In India, Section 8 of the CLND Act mandates insurance or other form of financial security for the operator before starting the operation of his nuclear installation. Rule 3 further supplements this provision of the Act by providing that the operator shall take out an insurance policy or financial security. Seeking other forms of financial security may be cumbersome and may block the capital of the operator and therefore, the operator may prefer to go in for insurance of his plant which will simply involve some recurring revenue expenditure towards premium. Citing the challenges that the nuclear industry in India faces, one may conclude that there are only two major obstacles that stand in the way of nuclear insurance and they are both interlinked. These two obstacles are:
  • Capacity
  • Inspection of Nuclear Installations by Foreign Nationals
While the answer to the question of capacity could be sought in international nuclear pools, the latter emerges out of the very solution obtained.
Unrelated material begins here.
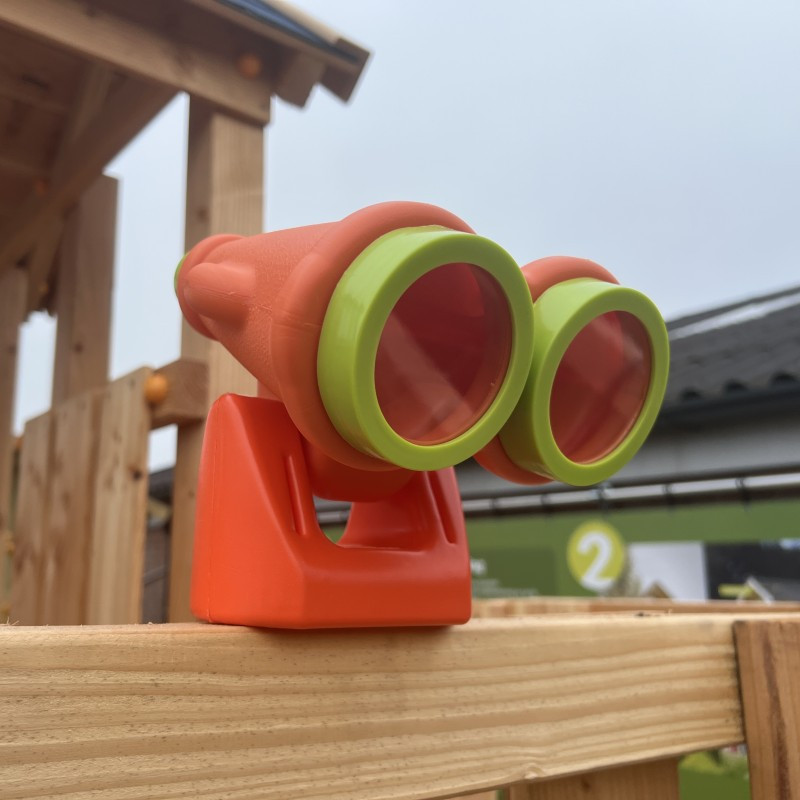 Dětský oranžovo limetkový dalekohled v obří velikosti je vyroben z odolného a stálobarevného plastu. Dalekohled je otočný do všech stran a je vybaven nezvětšovacími skly.

Gathering capacity with the help of international nuclear pools has its own implications that further complicate the situation. The restrictions on inspection of nuclear installations by foreign nationals rules out the option of collaboration with them and this leaves the insurance industry with no other choice but to generate indigenous capacity which itself is an issue. But as evident from our past experience we have always succeeded in creating our own ways of countering the most complex of problems. If we can evolve as such a powerful nuclear state and independently run six nuclear installations while being isolated from the rest of the world, we can definitely create enough capacity to insure them. Therefore, there is an immense need of developing a nuclear pool compatible with the requirements of the operator and the interests of the insurer.

Insurance for the Supplier

Indian law under clause (b) of section 17 provides right of recourse against the supplier of the nuclear material or equipment or substandard services. Further though the Act does not mandate insurance for suppliers, they may be interested in insuring their liability to the operator and obtain insurance cover. It is commented that insurance to the supplier is not available anywhere in the world. This however, is nothing but the product liability and insurance thereof. A supplier shall be vicariously liable for the acts of his employees and contractors.

Way forward

At the end of the day, nuclear energy is the elixir to the burgeoning energy requirements posed by our kind and devising an apt framework for its further development is turning into a desperate need of the hour. To sum up, steering India’s way through this dilemma would make a two pronged approach desirable viz., joining the international pool abroad in order to reinsure the risk in respect of the imported nuclear power plants e.g. Tarapur, Kudankulam and Jaitapur where India has no intellectual property or technology related issues and inspection of such plants may not be an issue for the country as no indigenous technology is at stake; and the Central Government becoming the guarantor or the insurer of the last resort in respect of indigenous plants where such issues are vital and inspection by foreign inspectors from the reinsurance pools is not considered desirable.

*Ms. Aishwarya Saxena, Member of Nuclear Law Association, India is a student at the SNDT Women’s University’s Law School. Ms Saxena interned with the Nuclear Liability Insurance Pool at the General Insurance Corporation of India. The views expressed are those of the author and does not represent views of GIC Re or NLA.